To use PyAutoLens we first import autolens and the plot module.

import autolens as al
import autolens.plot as aplt

Grids

To describe the deflection of light due to the lens galaxy’s mass, PyAutoLens uses Grid2D data structures, which are two-dimensional Cartesian grids of (y,x) coordinates.

Below, we create and plot a uniform Cartesian Grid2D in units of arcseconds (the pixel_scales describes the conversion from pixel units to arc-seconds).

All quantities which are distance units (e.g. coordinate centre’s radii) are in units of arc-seconds, as this is the most convenient unit to represent lensing quantities:

grid = al.Grid2D.uniform(
    shape_native=(50, 50), pixel_scales=0.05
)
grid_plotter = aplt.Grid2DPlotter(grid=grid)
grid_plotter.set_title(label="Cartesian (y,x) Grid (arcsec)")
grid_plotter.figure_2d()

This is what our Grid2D looks like:

Light Profiles

We will ray-trace this Grid2D’s (y,x) coordinates to calculate how a lens galaxy’s mass deflects the source galaxy’s light.

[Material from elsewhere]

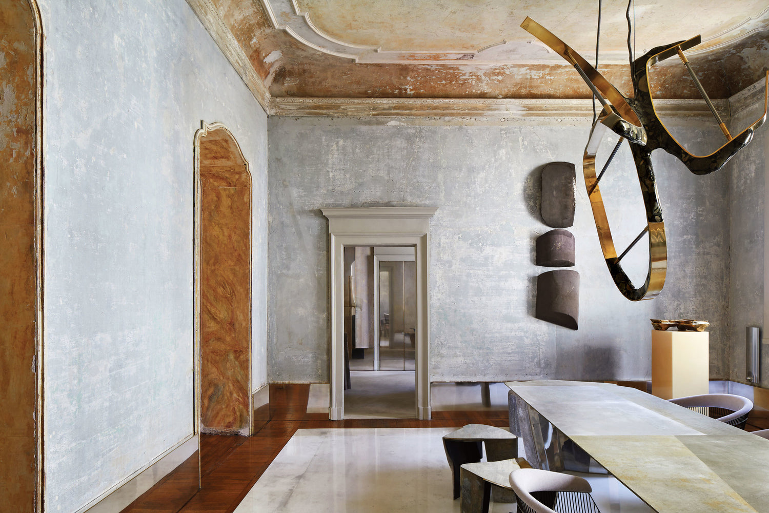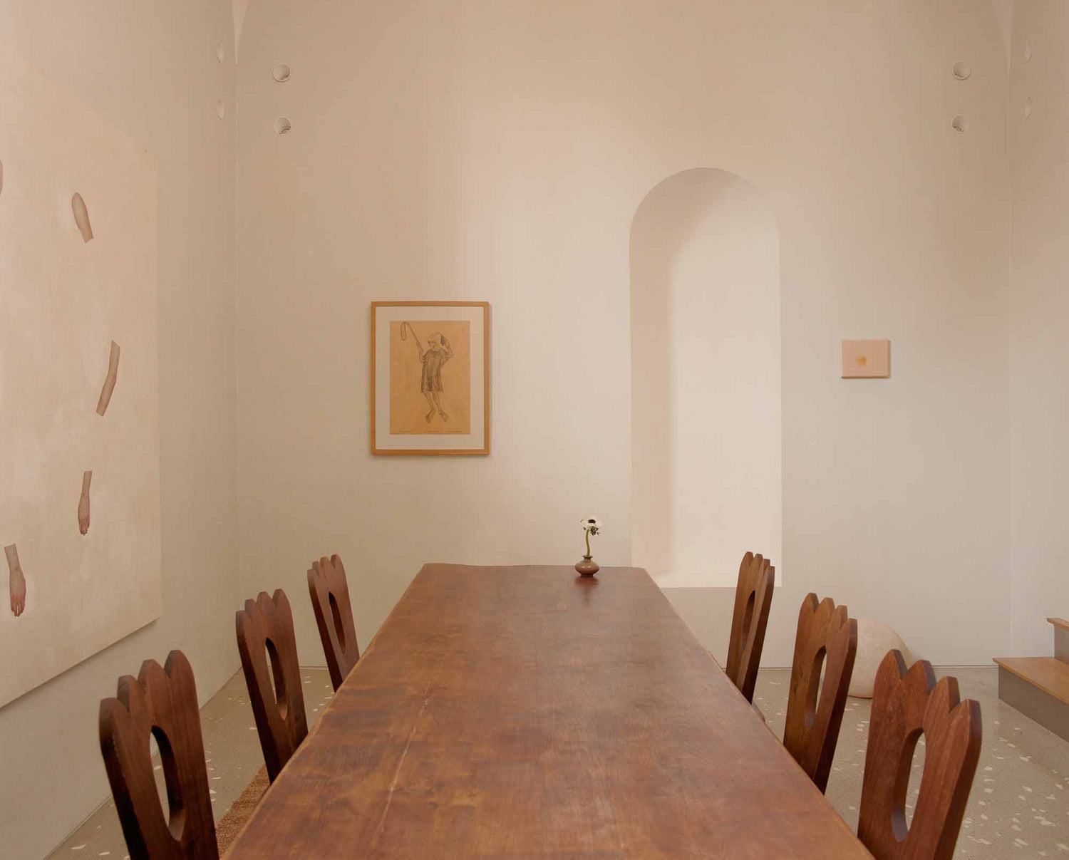 Vincenzo De Cotiis and his partner, Claudia Rose, spent two years renovating a 510 m² building from the early 18th century, originally constructed by local painter Antonio Digerini. Once a cloister and hotel, it now serves as a distinctive space where design is paramount and every detail is thoughtfully considered.

This requires analytic functions representing the light and mass distributions of galaxies, for example the elliptical Sersic LightProfile:

sersic_light_profile = al.lp.Sersic(
    centre=(0.0, 0.0),
    ell_comps=(0.1, 0.1),
    intensity=0.05,
    effective_radius=2.0,
    sersic_index=4.0,
)

By passing this profile a Grid2D, we can evaluate the light at every (y,x) coordinate on the Grid2D and create an image of the Sersic.

All images in PyAutoLens are in units of electrons per second.

image = sersic_light_profile.image_2d_from(grid=grid)

The PyAutoLens plot module provides methods for plotting objects and their properties, like light profile’s image.

light_profile_plotter = aplt.LightProfilePlotter(
    light_profile=sersic_light_profile, grid=grid
)
light_profile_plotter.set_title(label="Image of Sersic Light Profile")
light_profile_plotter.figures_2d(image=True)

The light profile’s image appears as shown below:

Mass Profiles

PyAutoLens uses MassProfile objects to represent a galaxy’s mass distribution and perform ray-tracing calculations.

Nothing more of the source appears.